Interview with RN #2 on 7/19/18 at 9:11 AM identified that PCT #1 did mention that her "patient was restless and that she (PCT #1) had to keep going in and out of the room. When PCT #1 expressed serious concern for Patient #1, RN #2 got up and asked RN #1 caring for the patient and another nurse on duty, RN #3 that she was informed Patient #1 wasn't doing well and both RN #1 and RN #3 said that Patient #1 was fine. RN #2 stated she went to check Patient #1, who was seated in a Geri chair and had agonal breathing. RN #2 indicated that RN #1 was unsure of the patient's code status, PCT #1 verified that Patient #1 was a full code, and RN #2 directed that a "Code" be called.

Interview with MD #1 on 7/11/18 at 11:54 AM noted that he would expect to be notified if a patient became increasingly restless and would have directed that a 12 lead EKG be performed with any questionable telemetry reading.

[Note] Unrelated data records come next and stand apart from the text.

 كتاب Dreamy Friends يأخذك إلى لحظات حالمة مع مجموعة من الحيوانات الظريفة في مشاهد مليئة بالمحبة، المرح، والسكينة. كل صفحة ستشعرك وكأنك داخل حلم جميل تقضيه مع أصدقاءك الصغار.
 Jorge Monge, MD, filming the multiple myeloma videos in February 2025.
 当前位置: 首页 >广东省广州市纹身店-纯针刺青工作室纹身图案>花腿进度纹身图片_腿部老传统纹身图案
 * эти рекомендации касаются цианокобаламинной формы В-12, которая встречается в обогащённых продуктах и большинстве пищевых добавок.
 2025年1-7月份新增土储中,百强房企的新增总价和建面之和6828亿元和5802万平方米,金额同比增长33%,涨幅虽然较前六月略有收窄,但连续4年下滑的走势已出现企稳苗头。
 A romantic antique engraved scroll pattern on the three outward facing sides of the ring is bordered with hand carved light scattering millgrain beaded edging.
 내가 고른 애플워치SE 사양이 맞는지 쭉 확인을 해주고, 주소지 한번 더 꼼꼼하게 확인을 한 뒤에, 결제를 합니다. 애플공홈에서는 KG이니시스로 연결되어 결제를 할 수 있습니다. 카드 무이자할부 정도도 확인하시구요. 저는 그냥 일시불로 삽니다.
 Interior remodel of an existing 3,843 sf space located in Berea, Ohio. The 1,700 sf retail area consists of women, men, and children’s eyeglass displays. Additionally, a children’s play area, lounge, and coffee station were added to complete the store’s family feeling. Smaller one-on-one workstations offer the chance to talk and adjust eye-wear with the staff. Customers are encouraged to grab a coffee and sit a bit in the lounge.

Interview with the Quality Specialist on 7/10/18 at 12:37 PM and review of the Patient's record indicated that RN #1 did not document the assessed restless behavior and did not document assessments based on PCT #1's concerns. The Quality Specialist further indicated that RN #1 should have let the provider know when the Patient had a change in condition, believed that Monitor Tech #1 had tried to inform RN #1 of the questionable telemetry changes, and a 12 lead EKG should have been performed. The Quality Specialist further identified that Monitor Tech #1 stated she had called RN #1 a couple times after the telemetry box was changed for questionable telemetry changes but, RN #1 did not pick up the call. The Quality Specialist stated that her interviews with staff during the investigation identified RN #1 was aware of the patient's code status and a code was initiated immediately.

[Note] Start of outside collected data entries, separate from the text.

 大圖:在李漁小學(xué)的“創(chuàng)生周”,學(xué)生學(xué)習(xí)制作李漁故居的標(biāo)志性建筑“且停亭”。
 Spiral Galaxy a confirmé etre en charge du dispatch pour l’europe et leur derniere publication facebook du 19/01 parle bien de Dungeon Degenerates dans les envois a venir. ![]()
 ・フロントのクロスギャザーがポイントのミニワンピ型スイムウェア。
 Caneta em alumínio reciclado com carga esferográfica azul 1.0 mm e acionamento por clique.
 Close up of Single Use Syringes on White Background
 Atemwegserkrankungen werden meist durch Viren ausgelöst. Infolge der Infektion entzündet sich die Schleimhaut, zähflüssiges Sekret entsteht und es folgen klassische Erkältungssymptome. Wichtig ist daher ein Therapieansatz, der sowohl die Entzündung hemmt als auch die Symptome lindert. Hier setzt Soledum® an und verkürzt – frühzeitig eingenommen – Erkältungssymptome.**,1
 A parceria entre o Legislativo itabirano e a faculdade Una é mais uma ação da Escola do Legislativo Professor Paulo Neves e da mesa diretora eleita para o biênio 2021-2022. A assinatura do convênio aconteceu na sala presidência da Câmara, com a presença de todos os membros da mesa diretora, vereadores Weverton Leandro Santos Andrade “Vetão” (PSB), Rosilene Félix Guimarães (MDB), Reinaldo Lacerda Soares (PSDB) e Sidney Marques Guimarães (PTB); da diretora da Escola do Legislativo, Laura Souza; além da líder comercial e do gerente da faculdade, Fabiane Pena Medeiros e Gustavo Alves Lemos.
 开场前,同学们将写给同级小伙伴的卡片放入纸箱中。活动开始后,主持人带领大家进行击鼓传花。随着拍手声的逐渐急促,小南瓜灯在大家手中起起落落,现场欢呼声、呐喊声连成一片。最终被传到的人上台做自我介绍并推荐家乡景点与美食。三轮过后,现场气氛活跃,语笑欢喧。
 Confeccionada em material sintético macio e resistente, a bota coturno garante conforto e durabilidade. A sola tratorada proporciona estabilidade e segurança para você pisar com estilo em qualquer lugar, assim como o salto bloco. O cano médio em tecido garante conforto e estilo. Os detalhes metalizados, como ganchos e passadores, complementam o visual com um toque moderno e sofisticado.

The facility policy for telemetry responsibilities of the RN noted to respond to all calls from the Monitor Technician. The facility policy for scope of service 10 West identified that an interdisciplinary approach is used to provide patient care and the RN is primarily responsible to manage the patient during his/her shift. The facility RN 1 job description identified a major accountability to perform assessments in an ongoing and systematic manner.